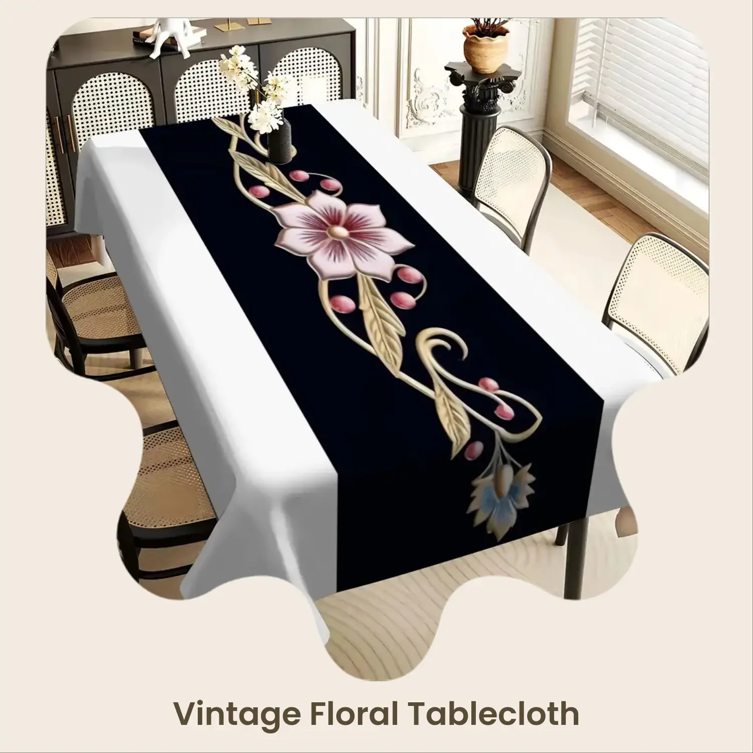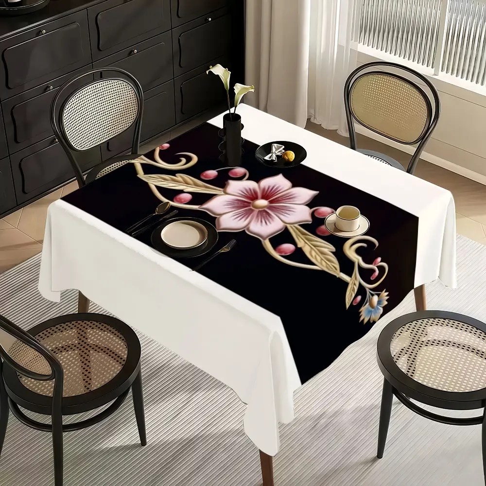 5. JIT 1pc 2D flat vintage black and white floral pattern rectangular tablecloth, for kitchen, living room, and dining table, kitchen accessory, party, room & outdoor decorative tablecloth, a tablecloth gift for friends
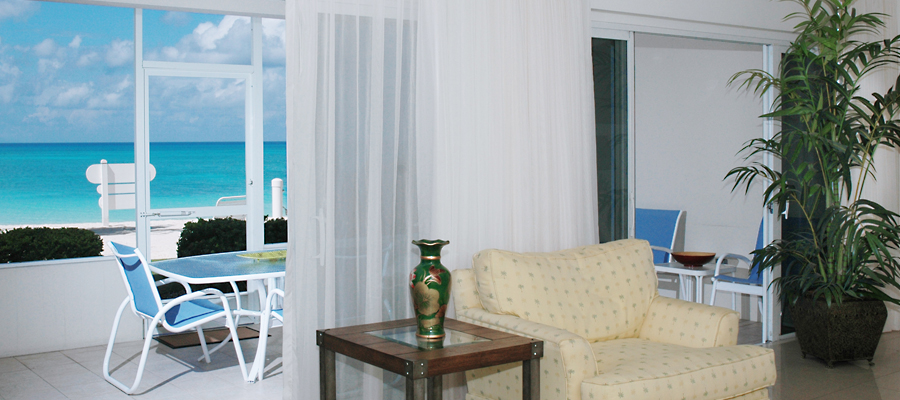 Condo 04 offers a spacious open air layout with panoramic views of Seven Mile Beach.
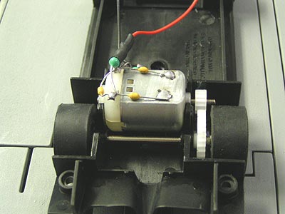4 screws are removed to expose the inner workings of the model. The motor is snugly held in place in the sidewinder position and I happily found that the bushings were very tight in their mounts and did not need any adhesive. Still, I always glue them regardless as a preventive maintenance measure and suggest you do the same. The front wheels are a solid axle design which should make most of you happy. The front guide rests almost flush with the rails on our ARTIN track and on tracks like NINCO with the rails a little higher it is almost a perfect tripod.
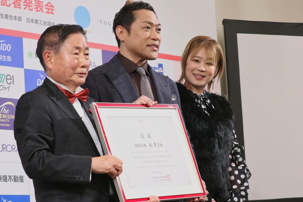選考理由では、はなわさんの芸歴30年を通じた活躍や、作詞作曲した『お義父さん』で“幸せな家庭だけを夢見る美しい女性”とうたわれた塙智子さんとの、和気あいあいの夫婦愛が挙げられた。
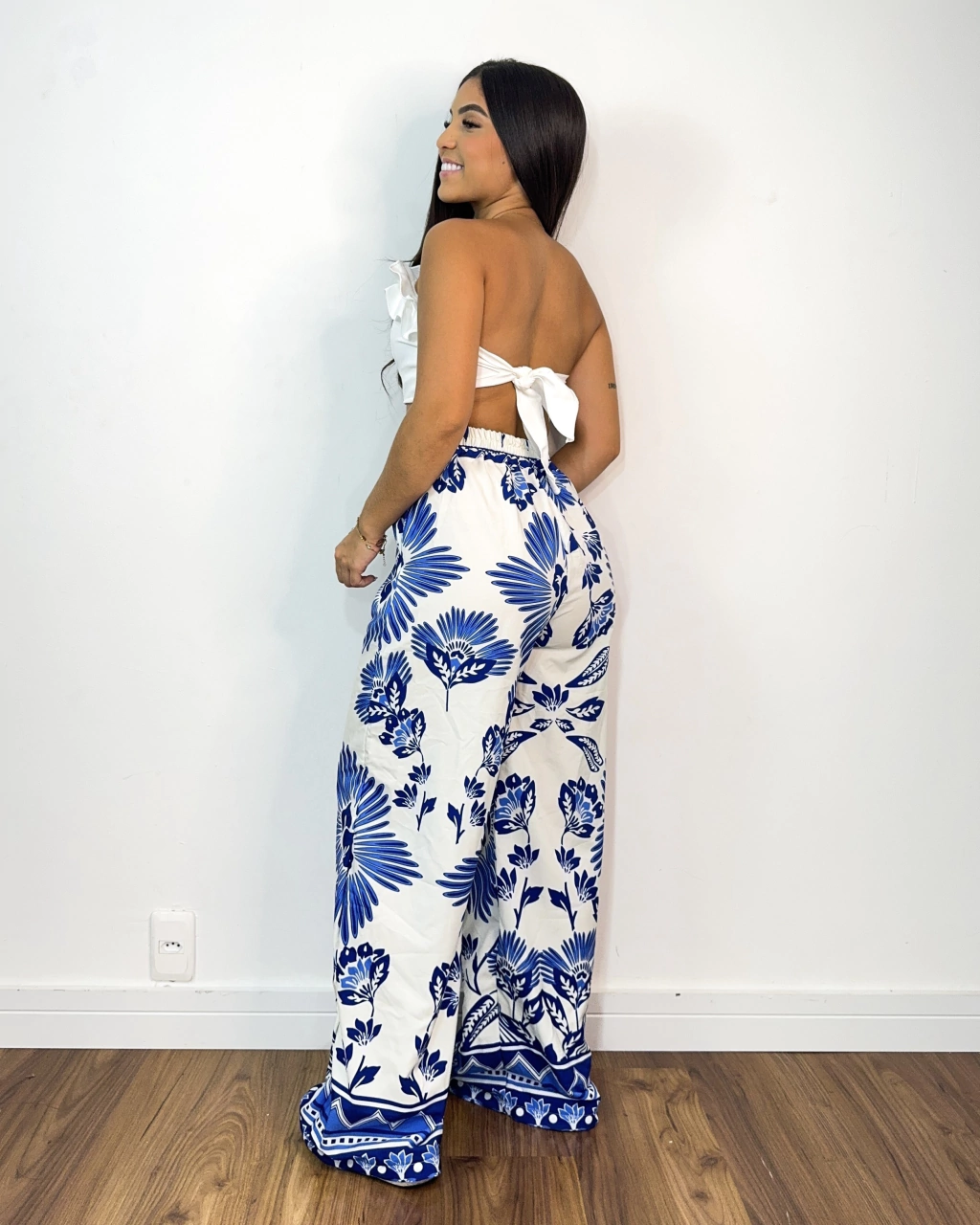 Calça Pantalona Estampa Azul e Branca: a escolha perfeita para quem valoriza conforto e estilo!
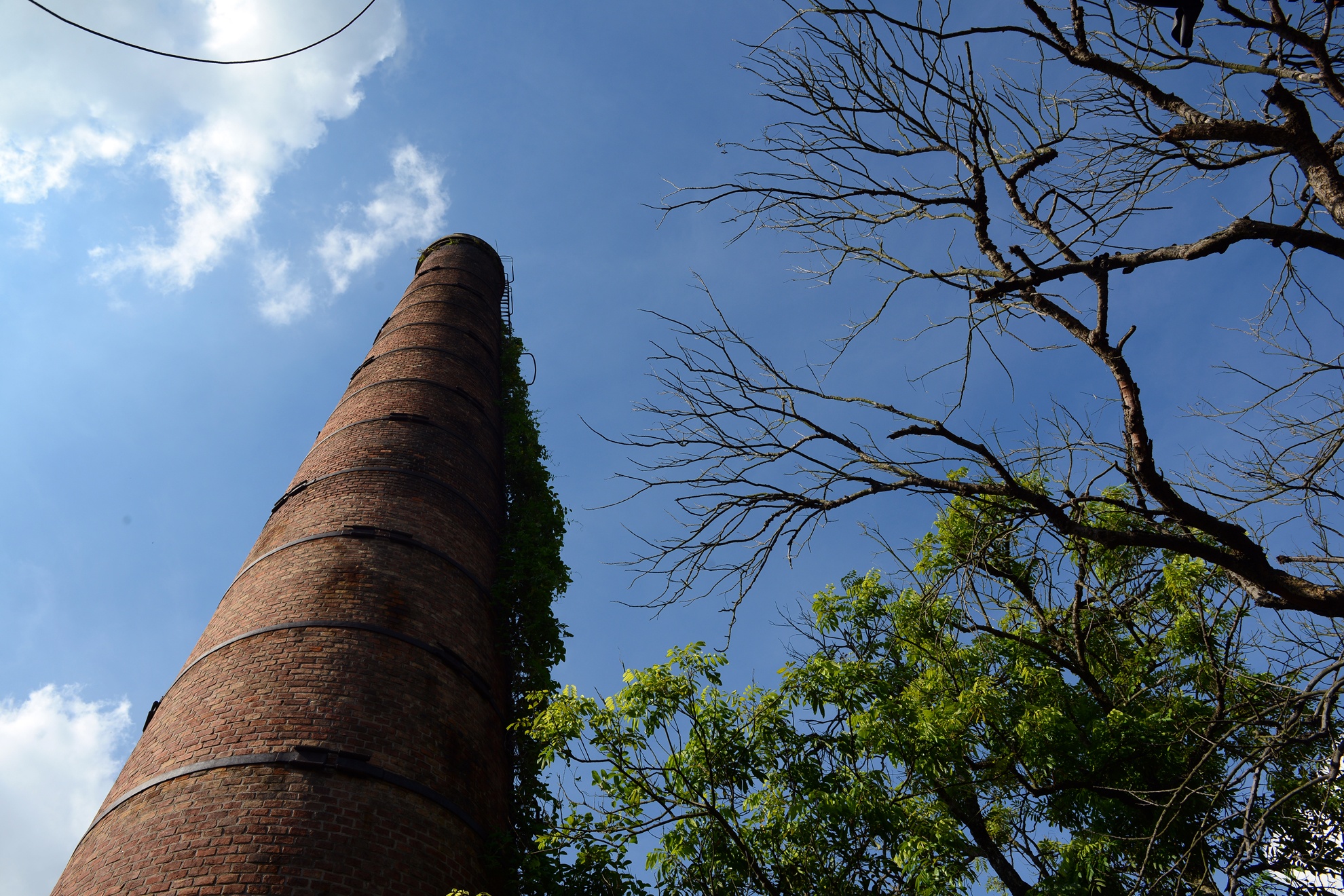 | Ống khói của lò nung cũ đã ngừng hoạt động nhiều năm. |

----

DIRECTIONS
Both the first line of the records above and the line containing "Condo 04 offers" belong in the copy; please return them and every line between, exactly, minus the pictures.

TASK OUTPUT
 5. JIT 1pc 2D flat vintage black and white floral pattern rectangular tablecloth, for kitchen, living room, and dining table, kitchen accessory, party, room & outdoor decorative tablecloth, a tablecloth gift for friends
 Condo 04 offers a spacious open air layout with panoramic views of Seven Mile Beach.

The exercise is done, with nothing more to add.